» Action item
Your output should be everything below from the line containing "不能改变环境,只能自己适应,为方便打理,理个光头省事,拍" down to the line containing "Москва. 12 января.", both ends included, copied exactly, with pictures left out.

» Source information
**********
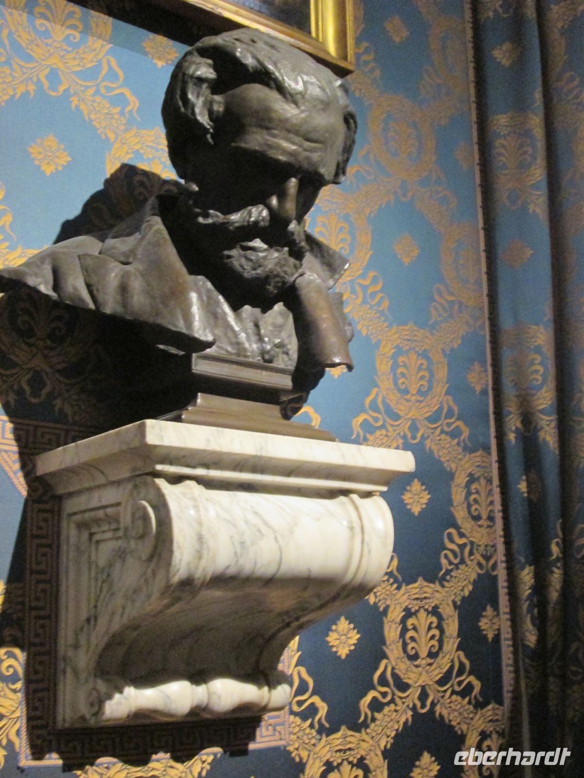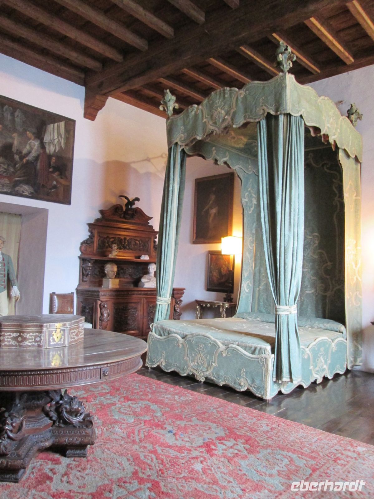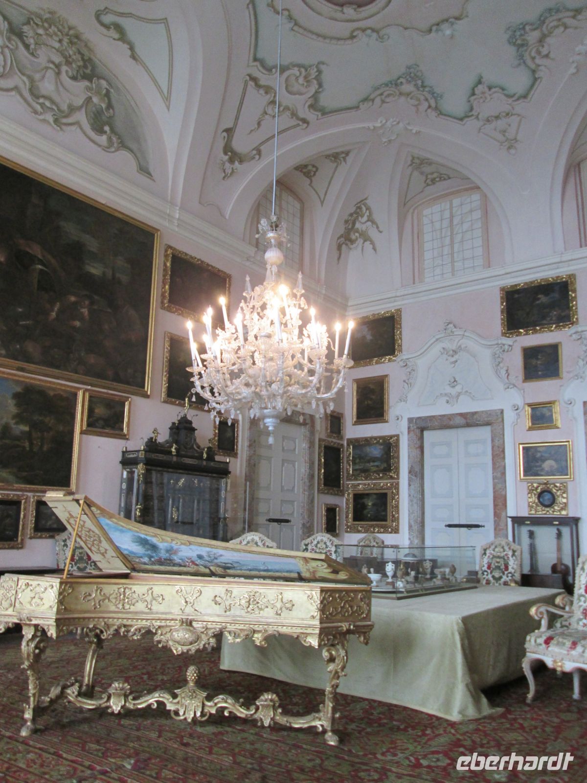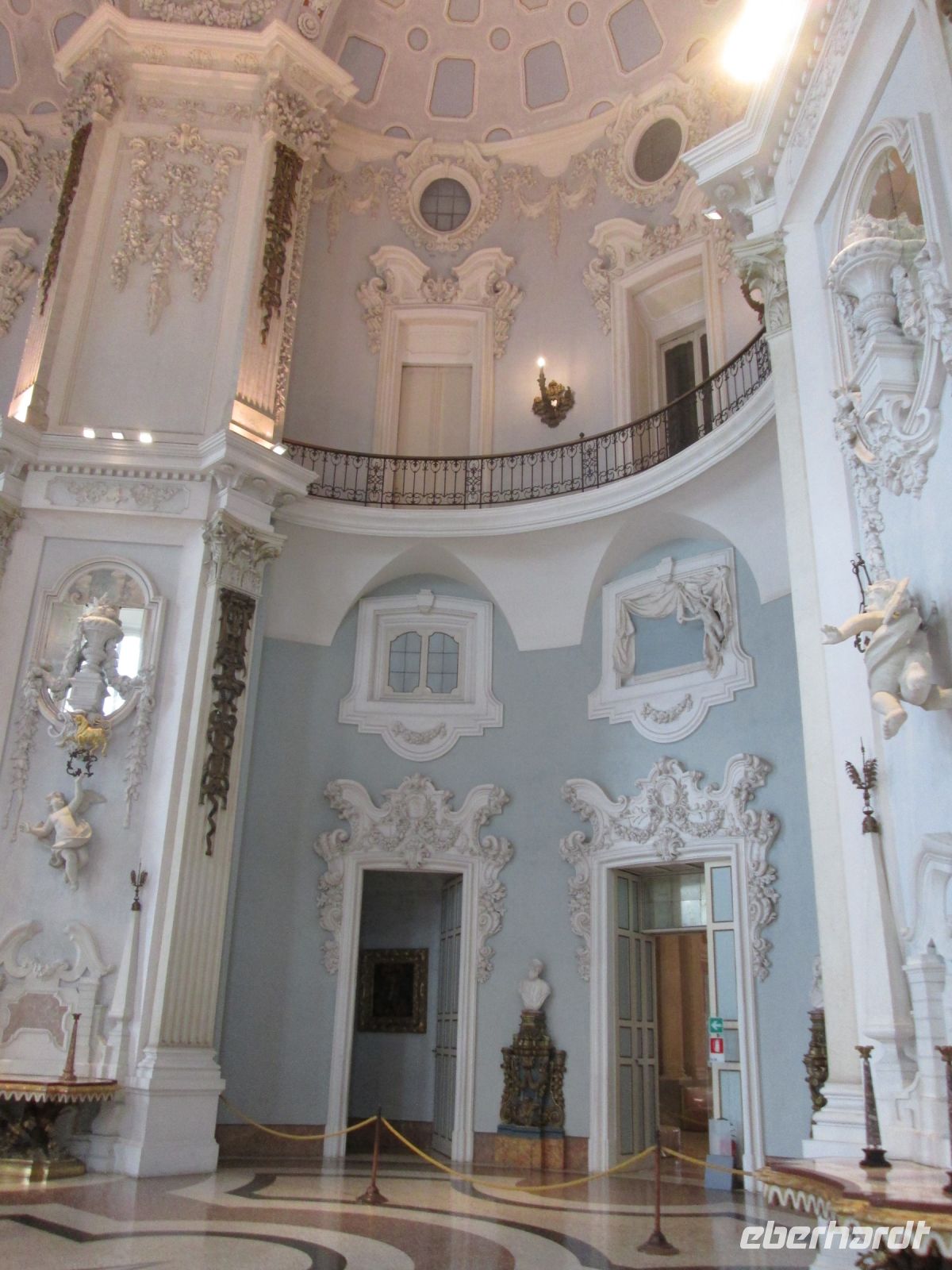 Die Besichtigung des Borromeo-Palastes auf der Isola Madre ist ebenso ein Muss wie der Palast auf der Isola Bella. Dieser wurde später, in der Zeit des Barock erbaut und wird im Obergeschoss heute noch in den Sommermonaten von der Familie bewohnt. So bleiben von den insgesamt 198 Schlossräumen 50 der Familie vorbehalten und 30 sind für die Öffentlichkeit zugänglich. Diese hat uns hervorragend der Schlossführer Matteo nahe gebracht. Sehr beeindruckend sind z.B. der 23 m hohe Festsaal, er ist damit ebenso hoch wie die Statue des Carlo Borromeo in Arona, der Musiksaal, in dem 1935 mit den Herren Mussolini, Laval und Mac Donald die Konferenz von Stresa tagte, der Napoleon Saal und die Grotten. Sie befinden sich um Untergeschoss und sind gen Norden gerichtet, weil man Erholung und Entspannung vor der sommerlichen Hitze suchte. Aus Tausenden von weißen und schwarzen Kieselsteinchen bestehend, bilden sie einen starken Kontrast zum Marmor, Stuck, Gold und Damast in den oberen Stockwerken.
**********
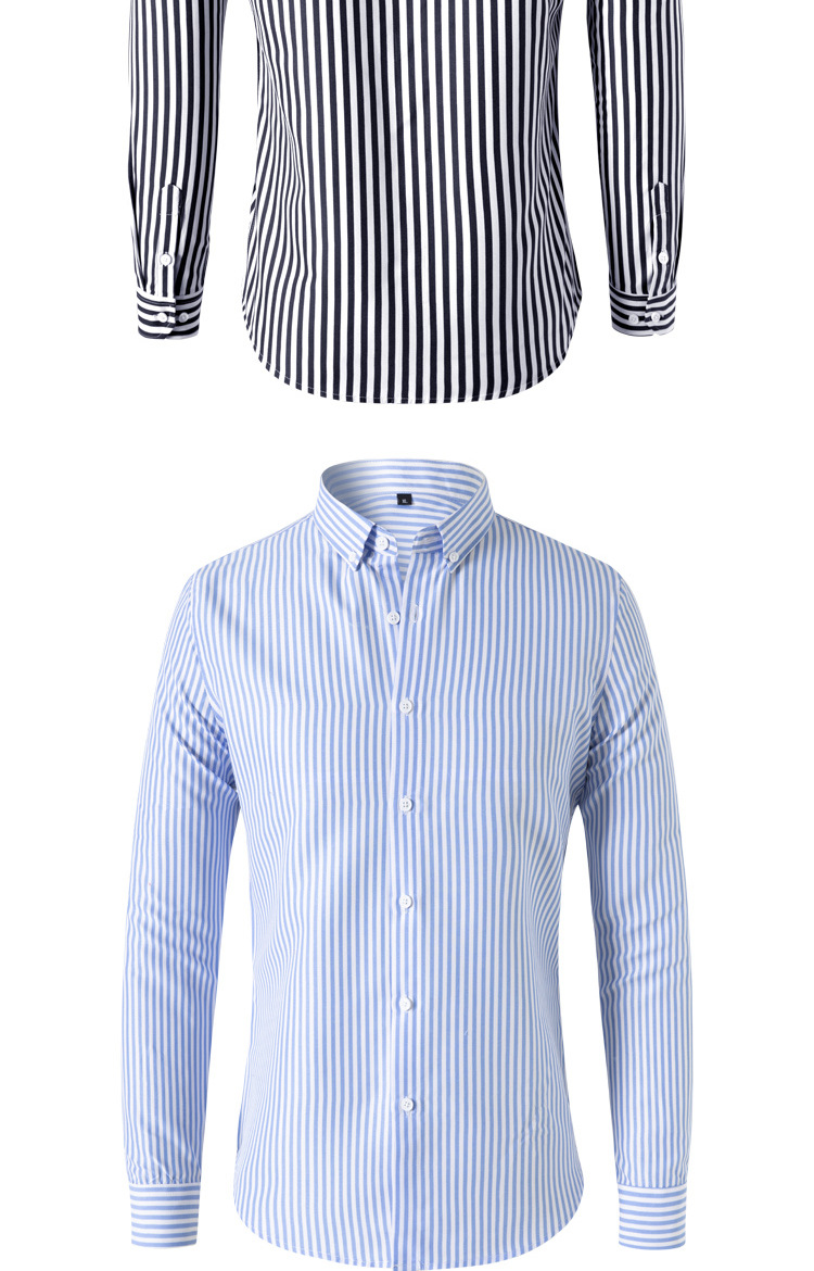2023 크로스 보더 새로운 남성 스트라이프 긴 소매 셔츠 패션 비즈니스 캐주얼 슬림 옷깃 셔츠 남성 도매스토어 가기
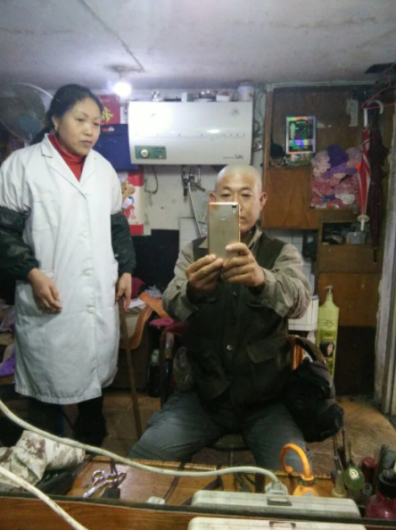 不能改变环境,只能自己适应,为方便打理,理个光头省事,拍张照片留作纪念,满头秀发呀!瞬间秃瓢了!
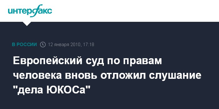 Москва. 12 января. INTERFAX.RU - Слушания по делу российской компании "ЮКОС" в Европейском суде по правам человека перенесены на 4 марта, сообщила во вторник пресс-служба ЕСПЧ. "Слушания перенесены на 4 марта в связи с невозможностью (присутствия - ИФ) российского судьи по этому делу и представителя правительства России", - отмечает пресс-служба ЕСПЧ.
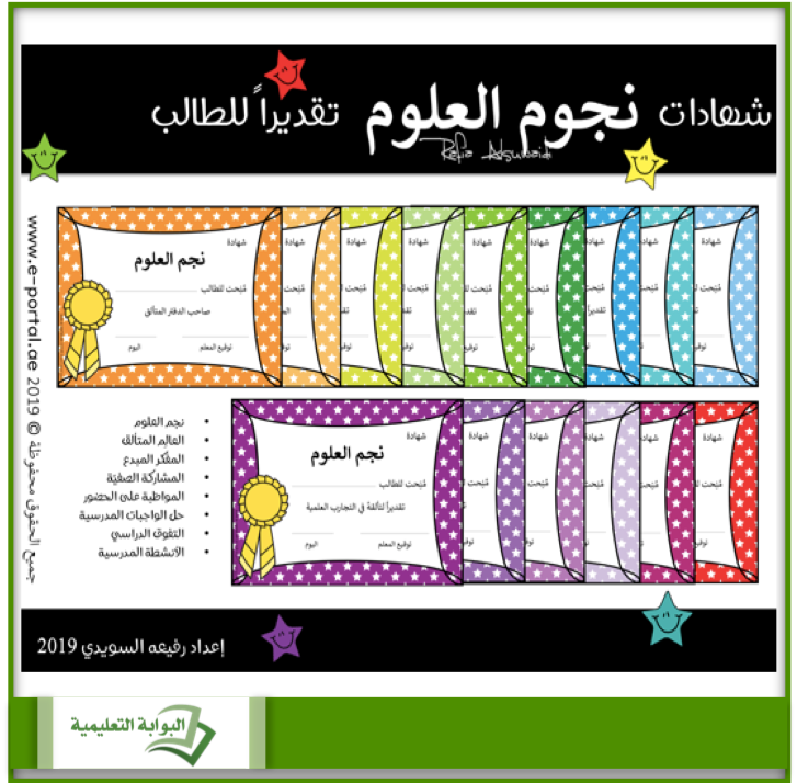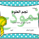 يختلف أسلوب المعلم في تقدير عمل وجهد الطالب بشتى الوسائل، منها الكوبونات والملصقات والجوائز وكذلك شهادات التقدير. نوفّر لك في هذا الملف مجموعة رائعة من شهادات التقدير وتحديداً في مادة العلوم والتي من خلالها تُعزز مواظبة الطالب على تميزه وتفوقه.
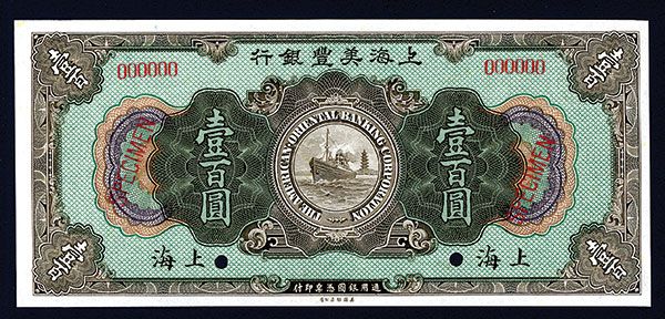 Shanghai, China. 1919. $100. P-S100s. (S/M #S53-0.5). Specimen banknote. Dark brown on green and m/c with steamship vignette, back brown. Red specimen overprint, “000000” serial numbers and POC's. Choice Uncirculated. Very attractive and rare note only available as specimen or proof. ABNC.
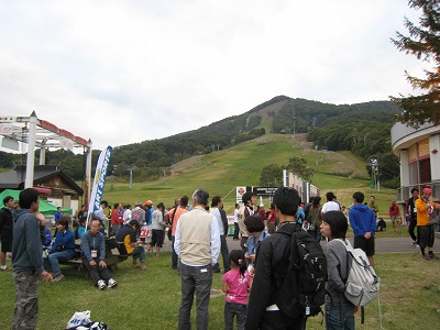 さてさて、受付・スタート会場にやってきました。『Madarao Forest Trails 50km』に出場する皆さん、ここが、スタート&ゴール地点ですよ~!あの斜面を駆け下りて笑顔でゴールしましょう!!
**********
» Reply
 不能改变环境,只能自己适应,为方便打理,理个光头省事,拍张照片留作纪念,满头秀发呀!瞬间秃瓢了!
 Москва. 12 января. INTERFAX.RU - Слушания по делу российской компании "ЮКОС" в Европейском суде по правам человека перенесены на 4 марта, сообщила во вторник пресс-служба ЕСПЧ. "Слушания перенесены на 4 марта в связи с невозможностью (присутствия - ИФ) российского судьи по этому делу и представителя правительства России", - отмечает пресс-служба ЕСПЧ.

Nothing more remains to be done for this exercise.